The Press Release about the MT7623 indicated a “1Gbps VPN crypto engine”. Also the SoC information in Mediatek web site makes reference to “Crypto:500Mbps Crypto Suite”.
Are these capabilities available in the R2 machine?
Can them be used (if they are available) with the basic operating system or it is needed some type of license to enable them?
1) Downloadd it from here : http://cryptodev-linux.org/download.html
2) decompress it on host PC in which there is BPI R2 BSP
3) Run below command to compile it
cd cryptodev-linux-1.9
make KERNEL_DIR=/work/BPI-R2-bsp_bk/linux-mt/ CROSS_COMPILE=arm-linux-gnueabi- ARCH=arm
4) Copy the cryptodev.ko to board and load it
insmod cryptodev.ko
After this step, we will a device /dev/crypto
How to validate if it works
1) Decompresss cryptodev-linux-1.9.tar.gz to R2 board
2) Build the test tool
cd cryptodev-linux-1.9/tests
make (if it fails, please install libssl-dev first)

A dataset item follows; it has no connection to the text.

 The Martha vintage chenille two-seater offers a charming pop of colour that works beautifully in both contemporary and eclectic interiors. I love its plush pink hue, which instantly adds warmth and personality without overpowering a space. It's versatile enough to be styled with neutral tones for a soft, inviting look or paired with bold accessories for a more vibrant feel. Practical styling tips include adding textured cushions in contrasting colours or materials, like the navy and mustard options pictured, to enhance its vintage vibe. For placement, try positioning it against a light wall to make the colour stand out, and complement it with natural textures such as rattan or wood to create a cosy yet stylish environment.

I downloaded de kernel source code, … compiled it, then the cryptodev driver … compiled it … and openssl for testing … compiled it. Different details everywhere with different architectures … but anyway. It works (a comment about this at the end).
Speed without cryptodev:
openssl speed -evp aes-256-cbc
Doing aes-256-cbc for 3s on 16 size blocks: 3255382 aes-256-cbc's in 3.00s
Doing aes-256-cbc for 3s on 64 size blocks: 910647 aes-256-cbc's in 3.00s
Doing aes-256-cbc for 3s on 256 size blocks: 235052 aes-256-cbc's in 3.00s
Doing aes-256-cbc for 3s on 1024 size blocks: 59220 aes-256-cbc's in 3.00s
Doing aes-256-cbc for 3s on 8192 size blocks: 7419 aes-256-cbc's in 3.00s
OpenSSL 1.0.2g 1 Mar 2016
built on: reproducible build, date unspecified
options:bn(64,32) rc4(ptr,char) des(idx,cisc,16,long) aes(partial) blowfish(ptr)
compiler: cc -I. -I.. -I../include -fPIC -DOPENSSL_PIC -DOPENSSL_THREADS -D_REENTRANT -DDSO_DLFCN -DHAVE_DLFCN_H -DL_ENDIAN -g -O2 -fstack-protector-strong -Wformat -Werror=format-security -Wdate-time -D_FORTIFY_SOURCE=2 -Wl,-Bsymbolic-functions -Wl,-z,relro -Wa,--noexecstack -Wall -DOPENSSL_BN_ASM_MONT -DOPENSSL_BN_ASM_GF2m -DSHA1_ASM -DSHA256_ASM -DSHA512_ASM -DAES_ASM -DBSAES_ASM -DGHASH_ASM
The 'numbers' are in 1000s of bytes per second processed.
type 16 bytes 64 bytes 256 bytes 1024 bytes 8192 bytes
aes-256-cbc 17362.04k 19427.14k 20057.77k 20213.76k 20258.82k
Speed with cryptodev:
openssl speed -evp aes-256-cbc
Doing aes-256-cbc for 3s on 16 size blocks: 113991 aes-256-cbc's in 0.06s
Doing aes-256-cbc for 3s on 64 size blocks: 84804 aes-256-cbc's in 0.02s
Doing aes-256-cbc for 3s on 256 size blocks: 74743 aes-256-cbc's in 0.03s
Doing aes-256-cbc for 3s on 1024 size blocks: 74032 aes-256-cbc's in 0.01s
Doing aes-256-cbc for 3s on 8192 size blocks: 41348 aes-256-cbc's in 0.00s
Doing aes-256-cbc for 3s on 16384 size blocks: 28113 aes-256-cbc's in 0.06s
OpenSSL 1.1.1-dev xx XXX xxxx
built on: reproducible build, date unspecified
options:bn(64,32) rc4(char) des(long) aes(partial) idea(int) blowfish(ptr)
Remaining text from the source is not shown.